→ **What to do**: Line by line, set down all the data below exactly, omitting any picture.

→ **Given information**:
== Segment start ==

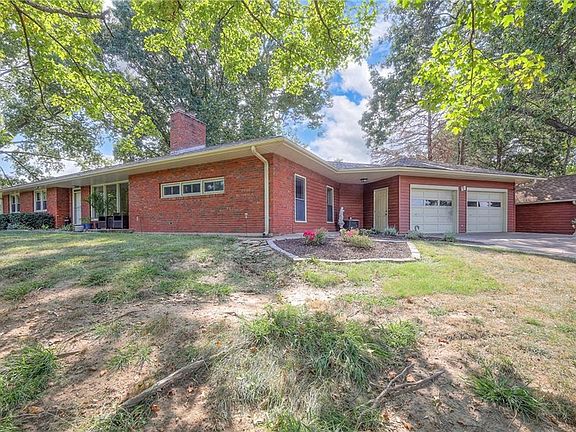 Take in breathtaking sunrises and sunsets from the front porch or back deck of this solid ranch-style home, perfectly positioned on 4.58 acres within city limits.This spacious home offers 5 bedrooms and 2 full baths, along with an abundance of storage throughout. The kitchen features custom stained cabinetry, a center island, pantry, and granite countertops, perfect for everyday living or entertaining. The formal dining room includes a beautiful atrium door that opens to a private, ground level deck. Enjoy cozy evenings in the formal living room with its masonry fireplace, and take advantage of the additional den for extra living space. The main floor includes the primary bedroom plus three more bedrooms, great for guests, offices, or hobbies. Downstairs, you'll find a fifth bedroom, another full bath, and a fantastic entertainment area complete with a wet bar, island seating, and a tiled bar setup. The home features dual-zone HVAC for year round comfort. Outside, a generous 2 car garage offers built-in storage cabinets, a workbench, and walkout access to the yard. You'll also find a garden shed and a Bobcat mower for easy property maintenance. What truly sets this property apart is the land, it’s spacious, versatile, and full of possibilities:
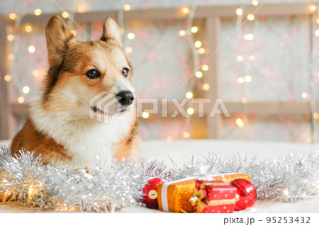 Corgi dog with gifts and Christmas decorations against the garland lights background. New Year and Christmas concept. Waiting for the holiday
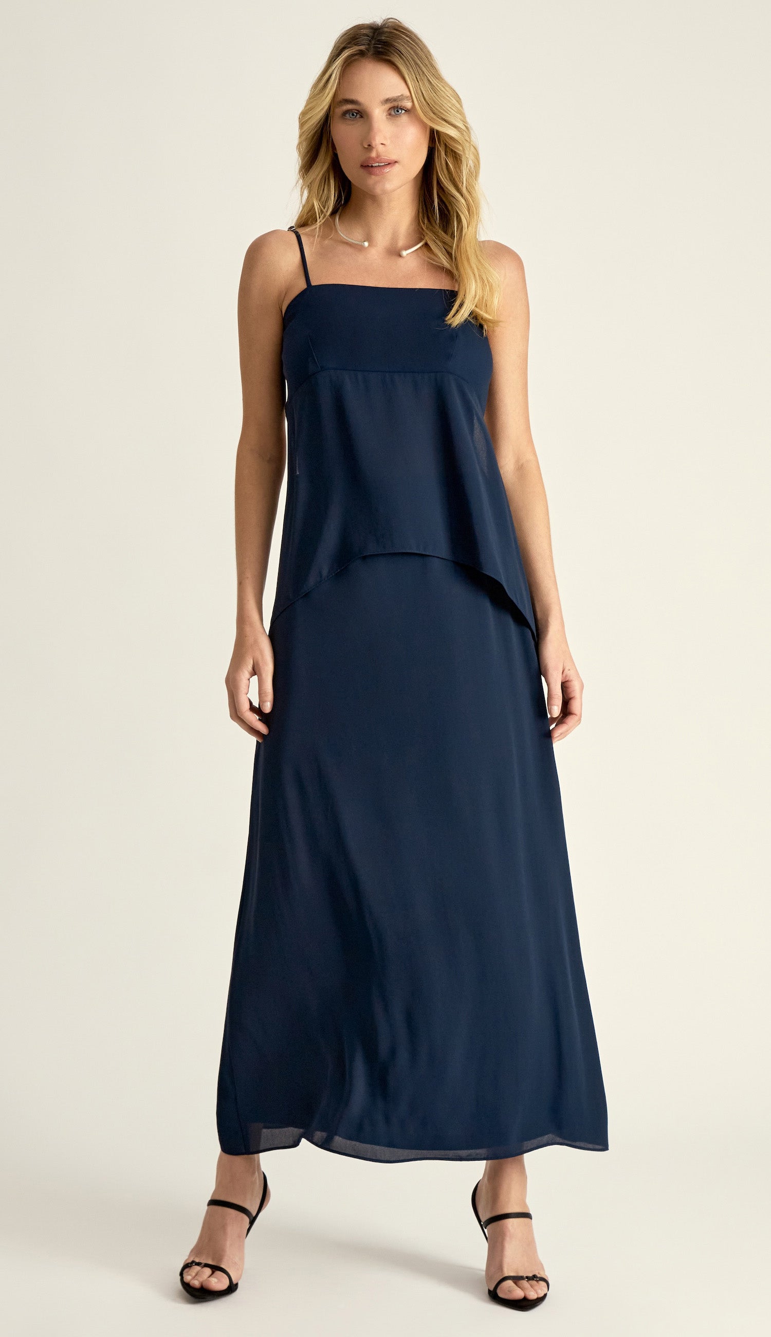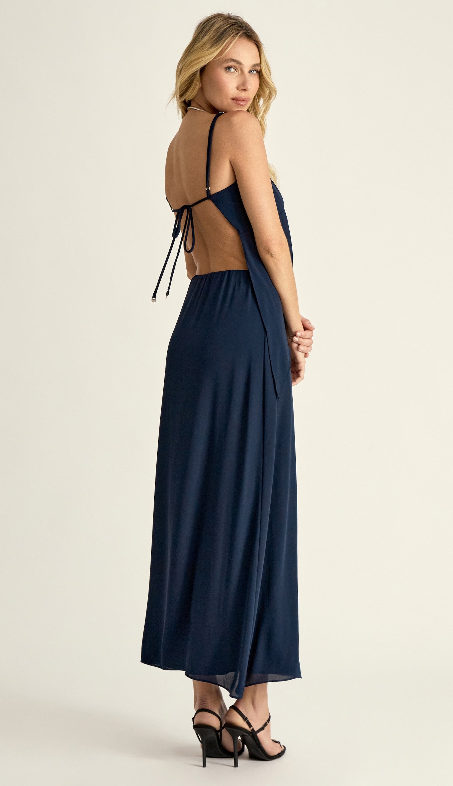 Conjunto confeccionado em crepe leve com forro. A blusa é frente única com costas abertas, possui decote reto, modelagem alongada, alcinhas reguláveis, recorte logo abaixo do busto no estilo império, seguido de tecido soltinho com detalhe de pontas assimétricas na lateral das barras e fechamento nas costas por tirinha comprida para amarrar com ponteiras de metal em formato de conchinha. A saia é longa e ajustada até o quadril e soltinha logo em seguida, para facilitar a movimentação e possui elástico franzido no cós.

== Segment end ==

→ **Solution to the exercise**:
 Take in breathtaking sunrises and sunsets from the front porch or back deck of this solid ranch-style home, perfectly positioned on 4.58 acres within city limits.This spacious home offers 5 bedrooms and 2 full baths, along with an abundance of storage throughout. The kitchen features custom stained cabinetry, a center island, pantry, and granite countertops, perfect for everyday living or entertaining. The formal dining room includes a beautiful atrium door that opens to a private, ground level deck. Enjoy cozy evenings in the formal living room with its masonry fireplace, and take advantage of the additional den for extra living space. The main floor includes the primary bedroom plus three more bedrooms, great for guests, offices, or hobbies. Downstairs, you'll find a fifth bedroom, another full bath, and a fantastic entertainment area complete with a wet bar, island seating, and a tiled bar setup. The home features dual-zone HVAC for year round comfort. Outside, a generous 2 car garage offers built-in storage cabinets, a workbench, and walkout access to the yard. You'll also find a garden shed and a Bobcat mower for easy property maintenance. What truly sets this property apart is the land, it’s spacious, versatile, and full of possibilities:
 Corgi dog with gifts and Christmas decorations against the garland lights background. New Year and Christmas concept. Waiting for the holiday
 Conjunto confeccionado em crepe leve com forro. A blusa é frente única com costas abertas, possui decote reto, modelagem alongada, alcinhas reguláveis, recorte logo abaixo do busto no estilo império, seguido de tecido soltinho com detalhe de pontas assimétricas na lateral das barras e fechamento nas costas por tirinha comprida para amarrar com ponteiras de metal em formato de conchinha. A saia é longa e ajustada até o quadril e soltinha logo em seguida, para facilitar a movimentação e possui elástico franzido no cós.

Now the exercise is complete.